The algorithm and architecture for the FFT core should be chosen trading off its processing speed, area, and power. Monoprocessor architectures such as [5] have to be discarded, as they are not able to fulfill the timing specifications. The throughput can be increased by using either parallel [6, 7] or pipeline architectures [814]. Pipeline architectures present smaller latency and lower-power consumption [8, 9], which makes them suitable for mobile devices such as DVB-T/DVB-H receivers.

Basically, two types of pipeline architectures can be distinguished: single-path delay feedback (SDF) architectures [1012] and multipath delay commutator (MDC) architectures [9]. SDF architectures use registers more efficiently, since the outputs of the butterflies can be stored in shift registers. In MDC architectures, the input sequence is divided into several parallel lines that feed the butterfly applying the appropriate delays to the data. SDF architectures use less memory than MDC. On the other hand, MDC architectures obtain a slightly higher throughput than SDF architectures. The optimal choice depends on the application [9]. In the case of DVB-T/DVB-H receivers, the SDF architecture can achieve the required throughput and needs less area than the MDC architecture.

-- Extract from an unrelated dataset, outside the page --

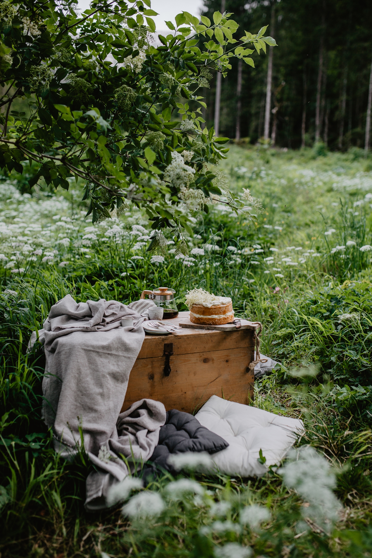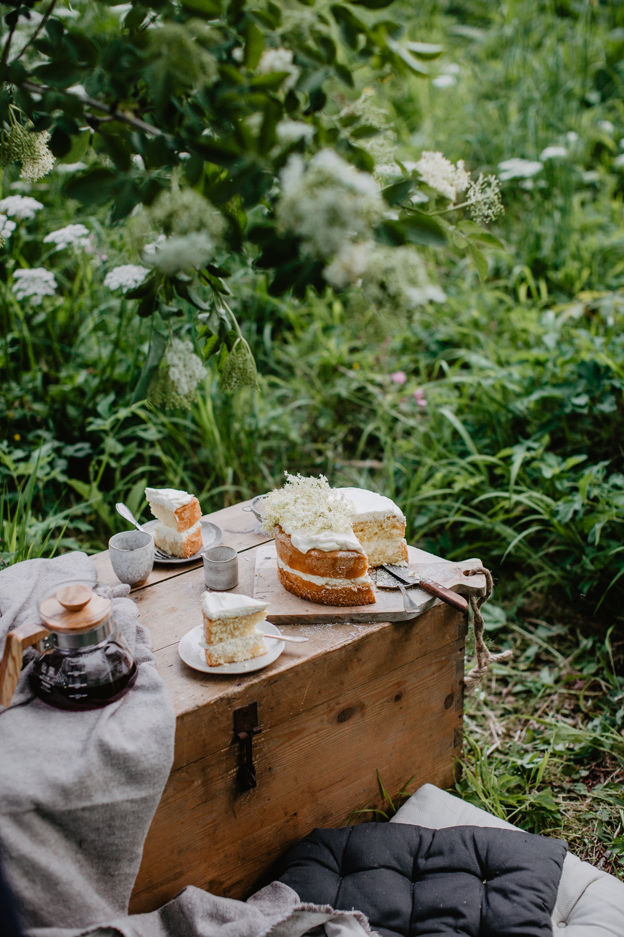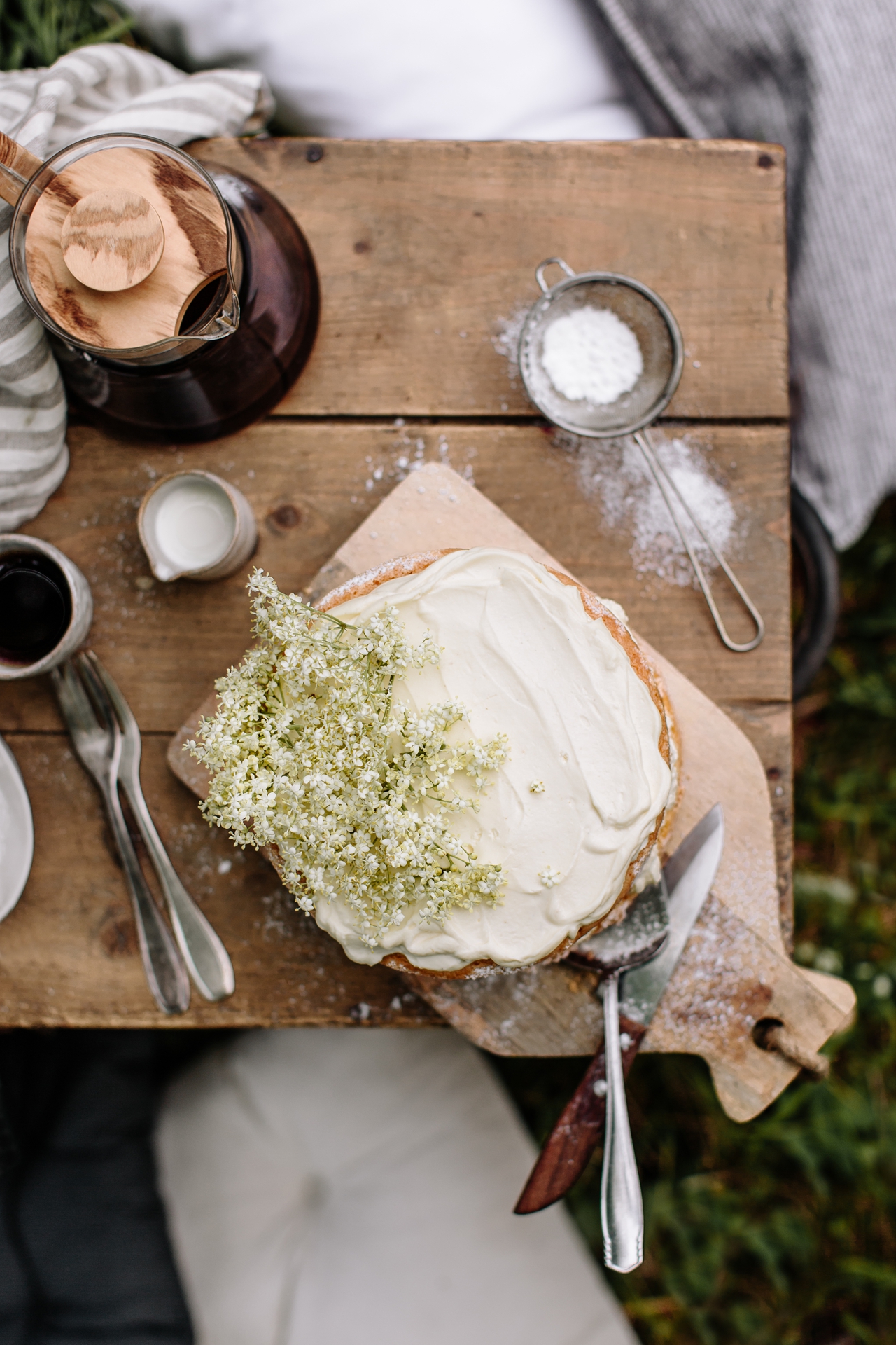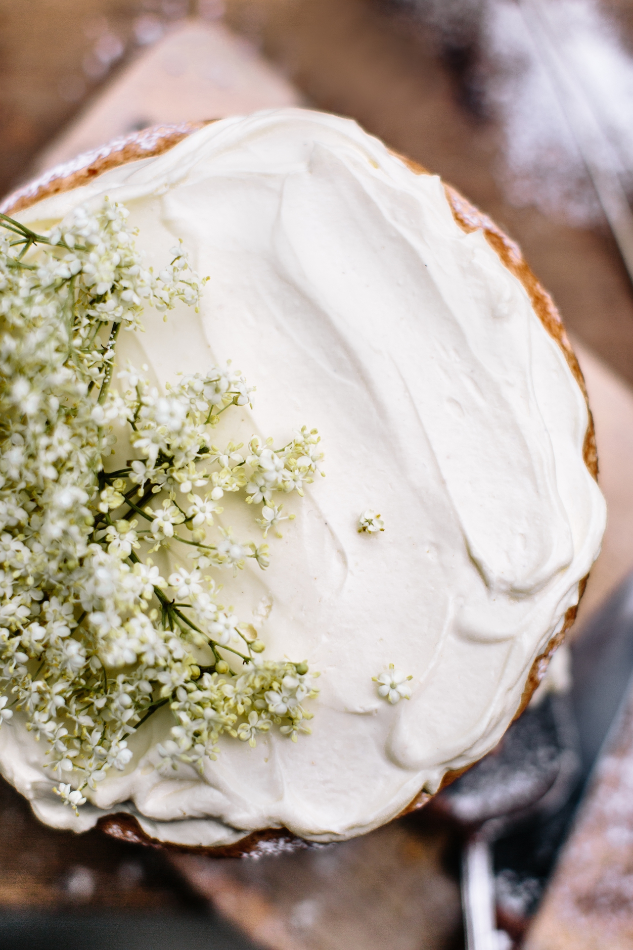 10. Den unteren Boden mit Holunderblüten Sirup beträufeln.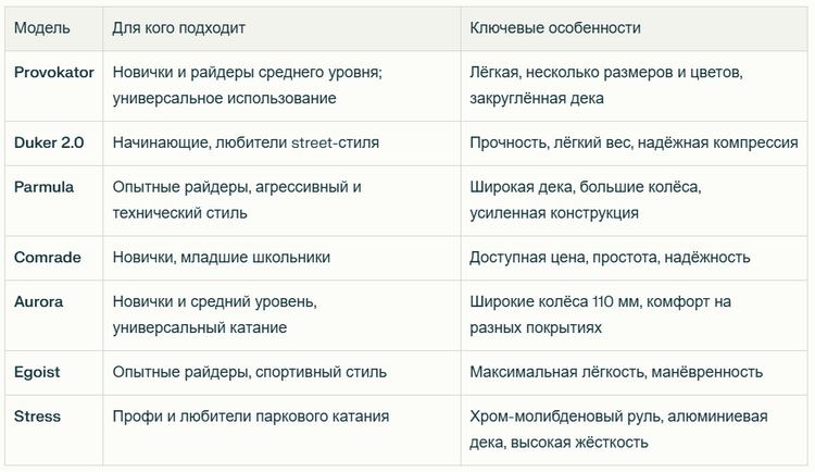 - Определите свой уровень и стиль катания: Для парк-стиля выбирайте лёгкие и манёвренные модели, для street — усиленные и устойчивые.

In addition to the pipeline structure, the radix of the algorithm also influences the complexity of the implementation. A radix-2 algorithm needs more products and gets a lower throughput than a radix-4 algorithm. However, a radix-4 algorithm can only process FFTs with a number of points that is a power of 4, and the butterfly is more complex.

In order to maintain the simplicity of the radix-2 butterfly, radix-22 (r22) algorithms have been proposed [11, 14]. The r22 algorithm is well-suited for DVB-T/DVB-H applications since it can work both with a number of points that is a power of 4 and with a number of points that is a power of 2. However, the implementation of the r22 FFT in [11] should be modified to achieve a multiple mode operation.

This paper presents a new 2K/4K/8K FFT core for DVB-T/DVB-H receivers. The r22-SDF pipeline architecture in [11] is adapted to achieve a multiple mode 2K/4K/8K FFT. The effect of the quantization errors of the FFT processor is studied, and design parameters are analyzed according to the DVB-T/DVB-H requirements.

This paper is organized as follows. Section 2 explains the modifications done to the r22 SDF algorithm so that it can operate in multiple mode. Section 3 describes the pipeline r22-SDF architecture proposed for a DVB-T/DVB-H receiver. Section 4 gives signal-to-noise-ratio (SNR), area, timing, and power results of the proposed FFT core. Finally, Section 5 summarizes the conclusions of this work.

2. R22-SDF Algorithm

In this section, the r22-SDF algorithm presented in [11] will be modified by us to enable it to work in a multiple mode operation.

Figures 1 to 3 show the flow graph of the radix-22 algorithm when the length of the FFT is 32, 16, and 8, respectively. In these flow graphs, the index of the input and output data is shown. The black circles represent butterflies, and the arrows are the twiddle factor multiplications, where the number in brackets next to each arrow is the index m of the twiddle factor, , of an FFT of length N.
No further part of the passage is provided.